Step #4 – Sign up for and pass the AVA exam
After completing their clinical work, people must pass the AVA examination. This 100-question exam, which is developed by the National Association of Veterinary Technicians in America and administered on the VetMedTeam website, takes 150 minutes to complete.
Step #5 – Renew certification every two years
To ensure that AVA professionals keep their skills and knowledge current, they are required to renew their certification after two years. In order to do this, vet assistants complete ten continuing education credits and pay a $10 fee.
Salary Outlook and Career Growth for Veterinary Assistants
The U.S. Bureau of Labor Statistics (BLS) reports that vet assistant positions will grow by 19 percent between 2016 and 2026. This means that in the coming years, there will be 16,300 new jobs created for these professionals, driven by the fact that there has been an overall increase in pet-related spending among consumers.
People who enter this field can expect to make a median income of $27,540 per year, according to BLS. In addition, the top earners in these positions make above $38,890 annually, while the lowest 10 percent of workers make under $19,950.
Source: Bureau of Labor Statistics
Resources for Further Research
Future vet assistants get intensive training when they enroll in a program, but that doesn’t mean they shouldn’t take advantage of additional information that will help them deepen their understanding of the field.
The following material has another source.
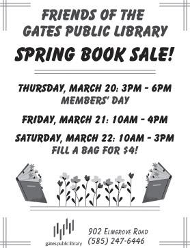 •Friends of the Gates Public Library are holding their Spring Book Sale at the library, 902 Elmgrove Road, Rochester. Members’ Day is Thursday, March 20, from 3 to 6 p.m. The sale is open to the public on Friday, March 21, from 10 a.m. to 4 p.m., and Saturday, March 22, from 10 a.m. to 3 p.m. (fill a bag for $4). For information, call 247-6446.

The following are five resources that veterinary assistant students can use to enhance their classroom instruction.
This video from Carrington College provides a look at the daily work of a vet assistant.
This page provides information on the Approved Veterinary Assistant certification that is required to obtain employment after students complete their training programs.
The NAVTA represents the interests of veterinary assistants and technicians, providing resources such as industry journals, access to continuing education courses, and advice on coping with job-related stress. In addition, the organization offers scholarships for those studying to enter the field, as well as discounts for insurance and resources professionals use.
This publication keeps professionals in the veterinary field abreast of the latest industry news, such as new products, trends, and practice advances. It also includes information about the treatment of small animals like cats and dogs, larger animals like horses and cows, and less common pets, including ducks and rabbits.